Seperti yang telah kami jelaskan sebelumnya bahwa manusia pertama yang Allah Ta’ala ciptakan adalah Adam ‘alaihi sallam. Sebagaimana yang Allah Ta’ala katakan didalam firmanNya:

 وَإِذۡ قَالَ رَبُّكَ لِلۡمَلَٰٓئِكَةِ إِنِّي جَاعِل فِي ٱلۡأَرۡضِ خَلِيفَةۖ قَالُوٓاْ أَتَجۡعَلُ فِيهَا مَن يُفۡسِدُ فِيهَا وَيَسۡفِكُ ٱلدِّمَآءَ وَنَحۡنُ نُسَبِّحُ بِحَمۡدِكَ وَنُقَدِّسُ لَكَۖ قَالَ إِنِّيٓ أَعۡلَمُ مَا لَا تَعۡلَمُونَ – وَعَلَّمَ ءَادَمَ ٱلۡأَسۡمَآءَ كُلَّهَا ثُمَّ عَرَضَهُمۡ عَلَى ٱلۡمَلَٰٓئِكَةِ فَقَالَ أَنۢبِ‍ُٔونِي بِأَسۡمَآءِ هَٰٓؤُلَآءِ إِن كُنتُمۡ صَٰدِقِينَ – قَالُواْ سُبۡحَٰنَكَ لَا عِلۡمَ لَنَآ إِلَّا مَا عَلَّمۡتَنَآۖ إِنَّكَ أَنتَ ٱلۡعَلِيمُ ٱلۡحَكِيمُ  [ البقرة: 30-32 ]
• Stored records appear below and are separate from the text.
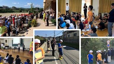 9時の地震発生には放送に合わせて身を守る一次避難を,その後津波警報が発令されたことで二次避難場所に集合しました。中学生が安否確認の名簿作成等の訓練をしました。避難の訓練後は各自治会毎の集会所に移動して,地区毎に計画された防災活動を行いました。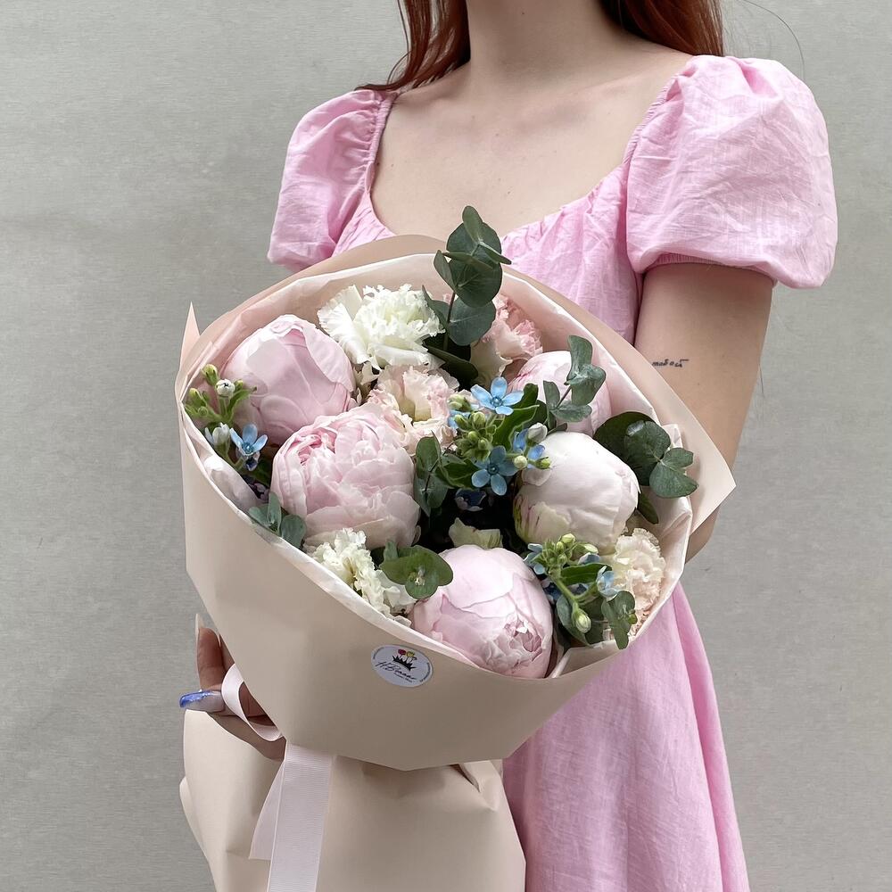 Пион – 5 шт. Твидия – 3 шт. Эвкалипт – 1 шт. Лизиантус – 2 шт.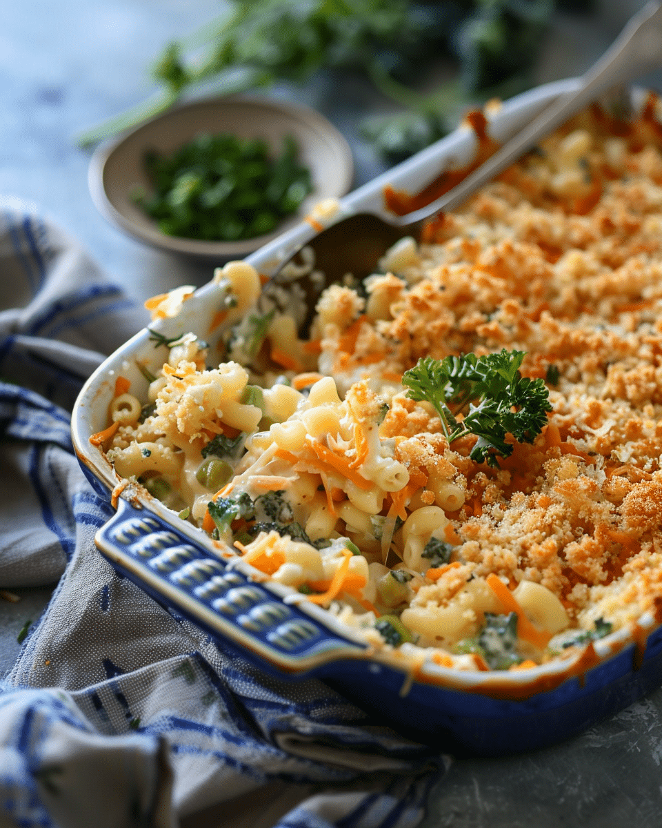 This dish is meant for stovetop cooking, but I’ve transferred it to a baking dish, topped it with extra cheese, and baked it at 375°F for 10–15 minutes for a golden crust.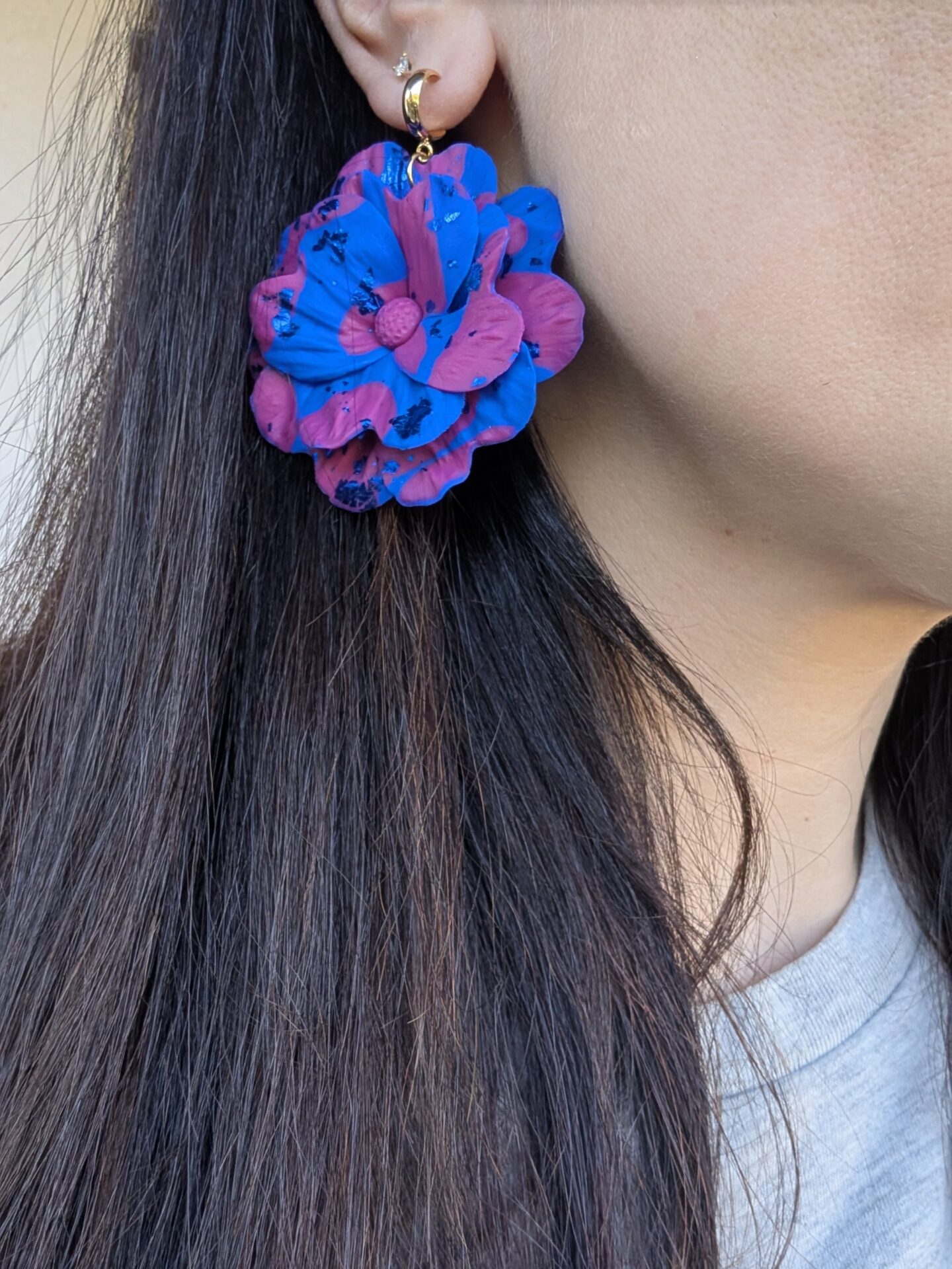 Chaque paire est modelée à la main en argile polymère, pétale après pétale.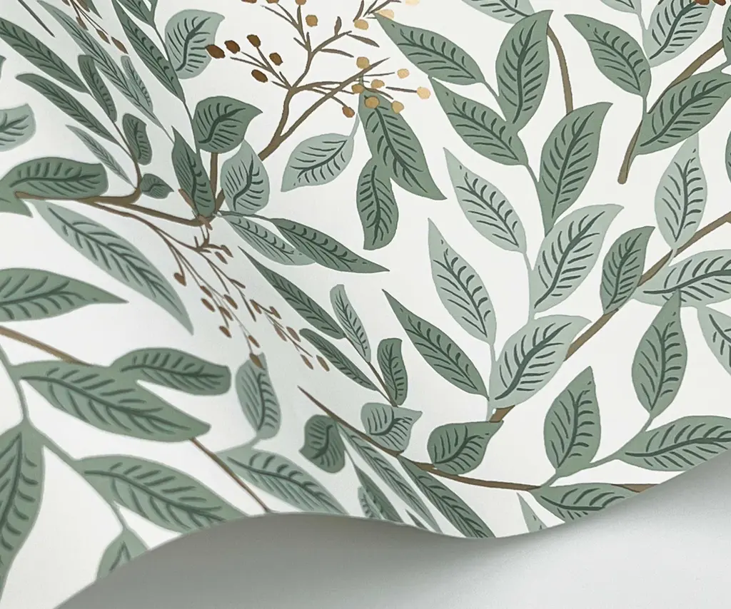 8" x 10" sample of our Willowberry wallpaper. Lush and verdant, Willowberry features vines of greenery that are dotted with metallic berries. This wallpaper is gravure printed and comes in 27 inch rolls with a 20.5 inch repeat.

“Ingatlah ketika Tuhanmu berfirman kepada para Malaikat: “Sesungguhnya aku hendak menjadikan seorang khalifah di muka bumi.” mereka berkata: “Mengapa Engkau hendak menjadikan (khalifah) di bumi itu orang yang akan membuat kerusakan padanya dan menumpahkan darah, padahal Kami senantiasa bertasbih dengan memuji Engkau dan mensucikan Engkau?” Tuhan berfirman: “Sesungguhnya aku mengetahui apa yang tidak kamu ketahui. Dan Dia mengajarkan kepada Adam nama-nama (benda-benda) seluruhnya, kemudian mengemukakannya kepada para Malaikat lalu berfirman: “Sebutkanlah kepada    -Ku nama benda-benda itu jika kamu mamang benar orang-orang yang benar! Mereka menjawab: “Maha suci Engkau, tidak ada yang kami ketahui selain dari apa yang telah Engkau ajarkan kepada kami; Sesungguhnya Engkaulah yang Maha mengetahui lagi Maha Bijaksana”.[al-Baqarah/2: 30-32].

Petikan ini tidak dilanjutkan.